The connection between an 18th-century savant called Joseph-Louis Lagrange and the problem of landing safely at Hong Kong International Airport may not, at first, be obvious. But there is one. Hong Kong airport is notorious for rocky and sometimes aborted landings caused by the disturbed air flow from nearby mountains. Though laser technology is deployed alongside its runways to monitor changes in wind speed and thus forewarn pilots, that is often not enough. What is needed is a better understanding of the theory of the winds themselves.
And this is where Lagrange comes in. He was a pioneer of the study of moving fluids (among many other things), but his ideas outran the computational tools of his day. Only now, with supercomputers available to help with the calculations, is it possible to explore those ideas completely. What is emerging is a picture of fluid dynamics more subtle and more complex than anything dreamed of even a decade ago. The atmosphere and the ocean are, it seems, dominated by invisible barriers that have come to be known as Lagrangian coherent structures. They govern the movement of everything from the trajectories of aircraft to the distribution of pollution, the migration of jellyfish and the tracks taken by hurricanes.

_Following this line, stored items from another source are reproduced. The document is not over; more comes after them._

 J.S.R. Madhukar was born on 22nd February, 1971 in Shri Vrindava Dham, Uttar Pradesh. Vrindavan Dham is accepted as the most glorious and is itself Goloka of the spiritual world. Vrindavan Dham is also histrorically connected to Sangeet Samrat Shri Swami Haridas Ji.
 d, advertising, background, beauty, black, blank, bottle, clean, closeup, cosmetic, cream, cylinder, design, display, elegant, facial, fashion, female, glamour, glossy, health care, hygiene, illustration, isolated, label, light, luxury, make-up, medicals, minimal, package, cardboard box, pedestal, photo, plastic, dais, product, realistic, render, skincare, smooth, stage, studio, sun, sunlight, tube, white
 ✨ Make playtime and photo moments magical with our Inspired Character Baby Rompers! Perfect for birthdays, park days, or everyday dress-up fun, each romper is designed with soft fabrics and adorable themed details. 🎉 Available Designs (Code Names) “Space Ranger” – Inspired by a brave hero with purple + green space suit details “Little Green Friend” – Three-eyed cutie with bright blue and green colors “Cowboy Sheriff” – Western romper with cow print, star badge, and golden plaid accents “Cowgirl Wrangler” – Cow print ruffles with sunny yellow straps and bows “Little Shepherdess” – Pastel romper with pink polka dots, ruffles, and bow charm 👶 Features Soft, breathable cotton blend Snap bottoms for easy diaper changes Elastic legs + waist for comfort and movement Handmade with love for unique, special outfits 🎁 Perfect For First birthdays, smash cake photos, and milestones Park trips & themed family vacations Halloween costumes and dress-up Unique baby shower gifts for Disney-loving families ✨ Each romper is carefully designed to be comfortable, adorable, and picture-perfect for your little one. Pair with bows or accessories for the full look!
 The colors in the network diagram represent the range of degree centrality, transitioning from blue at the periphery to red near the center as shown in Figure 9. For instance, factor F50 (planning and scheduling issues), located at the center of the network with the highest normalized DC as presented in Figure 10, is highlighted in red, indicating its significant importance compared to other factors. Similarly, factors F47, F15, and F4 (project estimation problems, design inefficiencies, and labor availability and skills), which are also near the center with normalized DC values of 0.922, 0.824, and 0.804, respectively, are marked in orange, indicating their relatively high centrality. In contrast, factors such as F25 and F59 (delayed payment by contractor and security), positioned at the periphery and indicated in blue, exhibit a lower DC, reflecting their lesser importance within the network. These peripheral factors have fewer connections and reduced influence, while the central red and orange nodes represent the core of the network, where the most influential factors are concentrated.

They are, as it were, the skeletons of the sea and the air.
To understand what a Lagrangian coherent structure is, it helps to imagine a crowd at a railway terminus, says Thomas Peacock of the Massachusetts Institute of Technology, who studies the structures. Some people will be arriving. Some will be leaving. And, whichever they are doing, they will be going to and from numerous different platforms. The result is chaos, but structured chaos. What emerges is a shifting pattern of borders between groups of people with different goals. These borders are Lagrangian coherent structures. They are intangible, immaterial and would be undetectable if the passengers stopped moving. But they are also real enough to be treated mathematically.